Dataset excerpts:
<<<<
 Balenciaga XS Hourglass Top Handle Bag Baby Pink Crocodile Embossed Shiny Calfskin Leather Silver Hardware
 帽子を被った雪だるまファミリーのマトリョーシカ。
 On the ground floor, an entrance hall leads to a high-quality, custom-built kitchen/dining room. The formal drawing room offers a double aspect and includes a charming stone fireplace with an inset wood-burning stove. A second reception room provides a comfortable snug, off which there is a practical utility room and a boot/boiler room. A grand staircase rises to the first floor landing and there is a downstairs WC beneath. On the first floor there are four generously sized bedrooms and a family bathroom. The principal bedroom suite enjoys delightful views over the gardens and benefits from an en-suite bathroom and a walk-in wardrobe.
>>>>
<<<<
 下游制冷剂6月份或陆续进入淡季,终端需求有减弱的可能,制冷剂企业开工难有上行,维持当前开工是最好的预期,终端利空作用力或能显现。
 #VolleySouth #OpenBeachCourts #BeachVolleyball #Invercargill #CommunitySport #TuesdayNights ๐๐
>>>>
What to produce:
Copy word for word the stretch of entries above from the line that has "下游制冷剂6月份或陆续进入淡" through the line that has "#VolleySouth #OpenBeachCourts #BeachVolleyball", both ends included, and nothing outside it.

Exercise result:
 下游制冷剂6月份或陆续进入淡季,终端需求有减弱的可能,制冷剂企业开工难有上行,维持当前开工是最好的预期,终端利空作用力或能显现。
 #VolleySouth #OpenBeachCourts #BeachVolleyball #Invercargill #CommunitySport #TuesdayNights ๐๐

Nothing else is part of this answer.